Formados por 3-6 átomos de carbono (triosas, tetrosas, pentosas o hexosas respectivamente).

Las hexosas pueden ser glucosa, fructosa o galactosa, que son los monosacáridos más importantes nutricionalmente.

  • Glucosa: Es el producto de la hidrólisis de los carbohidratos, normalmente se encuentra en sangre y nos dará el valor de glucémia o “azúcar en sangre”. Se almacena en forma de glucógeno en el hígado y músculo. Es el combustible de las células del sistema nervioso (por ejemplo del cerebro)
  • Fructosa: cuando se une con la glucosa forma la sacarosa. Una vez se absorbe, pasa al hígado donde es transformada en glucosa (molécula comentada anteriormente).
  • Galactosa: forma parte de la lactosa (“azúcar de la leche”).
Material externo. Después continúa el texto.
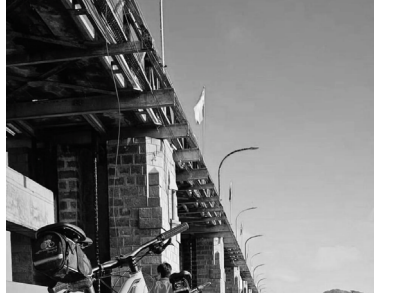
Cycle Ride/ Spavelo
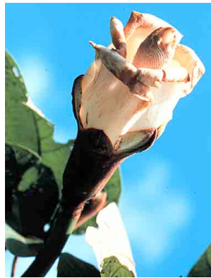
7 Ochroma pyramidale BOMBACACEAE
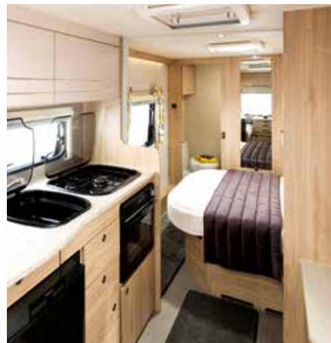
Island bed (554) retracts to give 40cm extra floorspace
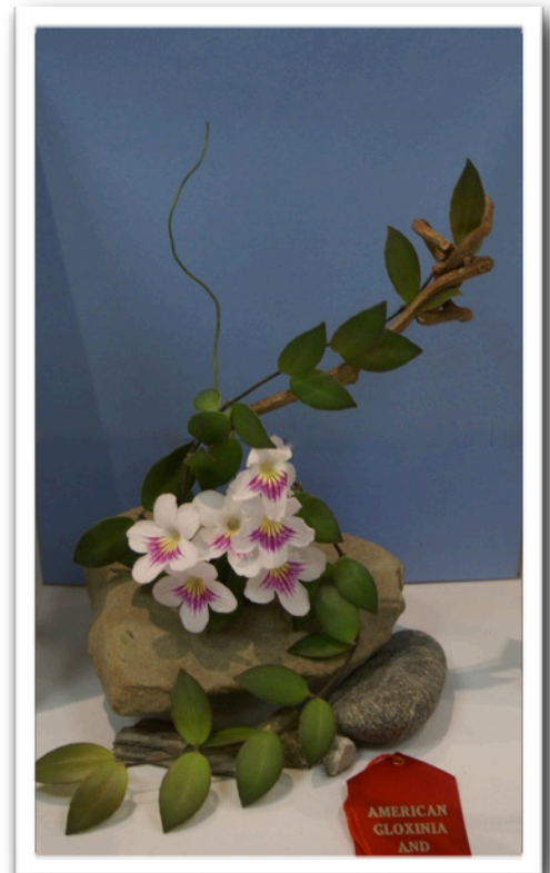
Artistic arrangement — “Quarry Garden” designed by Mel Grice

En el hígado es transformada en glucosa.

Disacáridos:

Están formados por dos monosacáridos. Pueden ser sacarosa, maltosa o lactosa.

  • Sacarosa (azúcar de caña): unión de fructosa + galactosa.
  • Maltosa: unión de dos moléculas de glucosa.
  • Lactosa: se encuentra en la leche de los animales mamíferos. Unión de galactosa + glucosa.

Polisacáridos (azúcares complejos):

Son polímeros de glucosa (unión de diversas moléculas de glucosa). Se dividen en oligosacáridos y polisacáridos.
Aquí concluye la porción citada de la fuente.